Liu tapped her Goldman Sachs connections to bring that fierce battle to a close.
Liu went on to prepare for a new matchup with Uber, which was expanding aggressively in China. And in December 2015, Didi formed strategic partnerships with Lyft, also of the U.S., as well as Singapore's Grab and India's Ola.
Liu has a unique take on acquisitions. "Companies can put all their energy into competing against each other, or they can join forces to cultivate new fields and push the industry to greater heights," she said.
When Uber appeared to be cornered and retreating from China, the two teamed up instead, with Didi gaining funds from the U.S. ride-hailing company and acquiring Uber's Chinese operations.
Liu says that Didi will raise the efficiency of car hailing and transportation by tapping big-data analysis and artificial intelligence.
Half of Didi's 6,000 or so employees are engineers and data scientists, and the company set up a research institute in 2015, collaborating with hundreds of top scientists inside and outside China.

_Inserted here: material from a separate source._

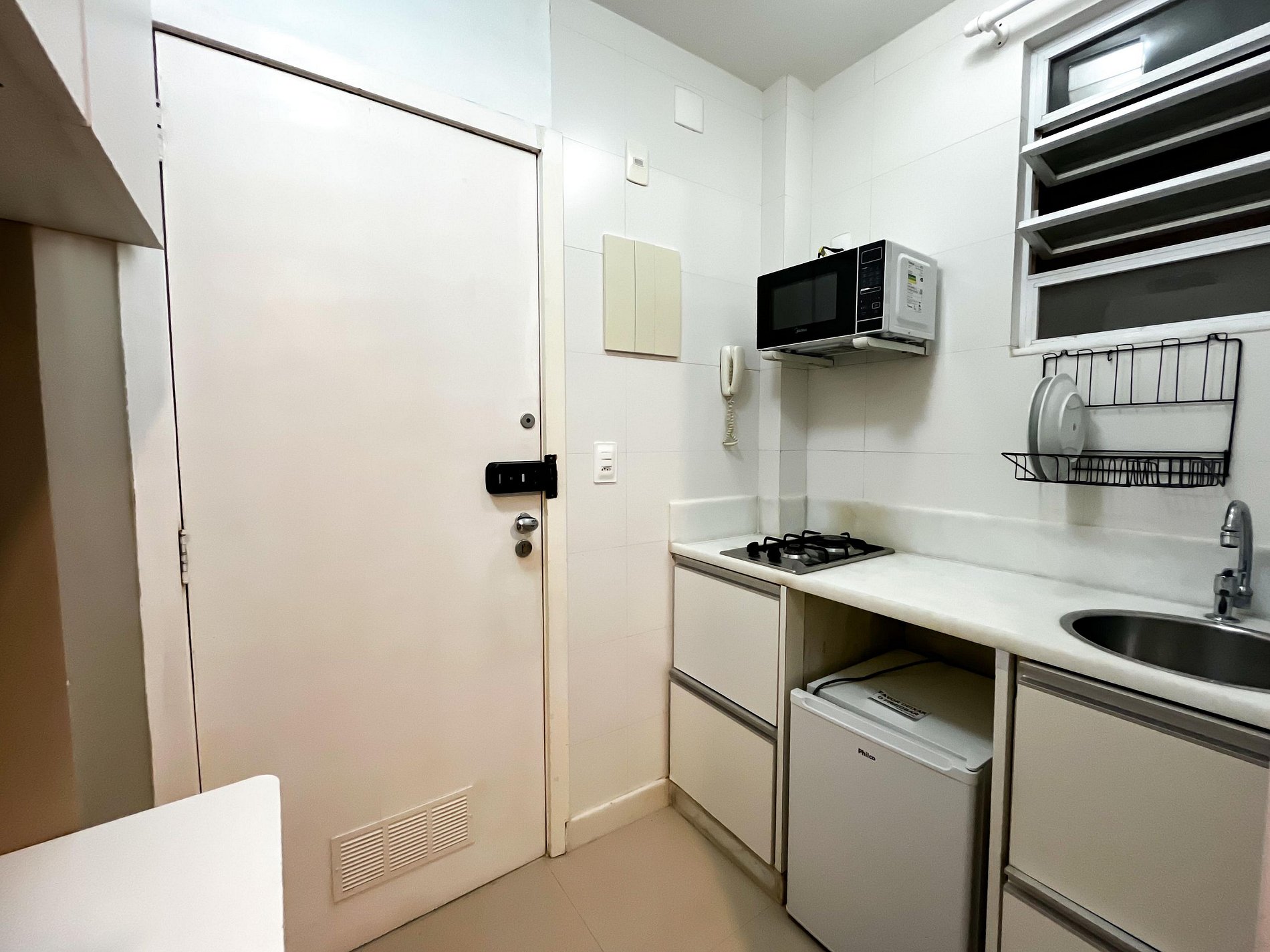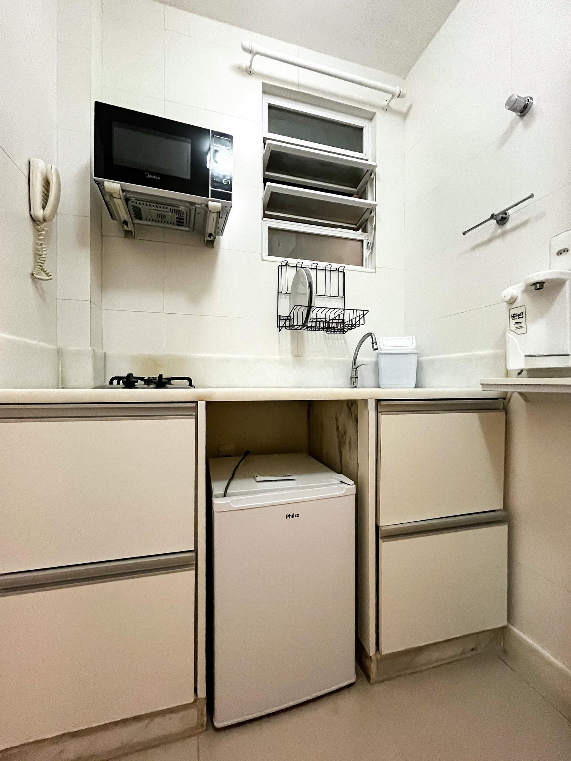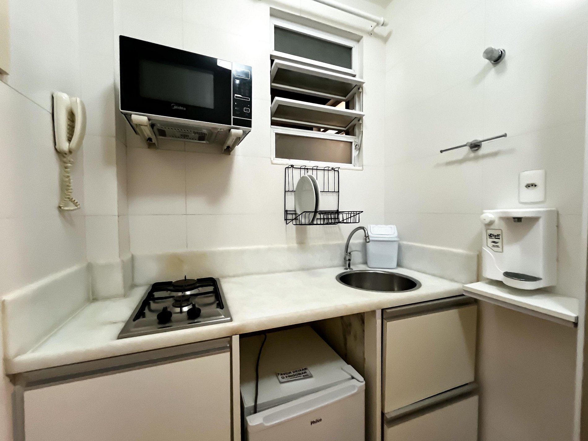 Possuímos uma cozinha compacta, porém completa, equipada com tudo o que você precisa para preparar as suas refeições após um dia cansativo de trabalho ou passeio pelo Rio de Janeiro.

Liu juggles an exhausting schedule. She has worked relentlessly for years, often attending business meetings after her children have gone to bed. "Quality time is my trick. Every day I go home and spend a happy hour with my kids after dinner before they go to sleep and it is really rewarding," she said at the Vanity Fair event.
Liu disclosed in an internal email to staff in 2015 that she was being treated for breast cancer but then made a full return to work in January 2016. Whether she is talking about health or business, Liu's determination to create a better future for her children make it clear that she will keep up the fight.
Nikkei deputy editor Ken Moriyasu in Tokyo contributed to this article.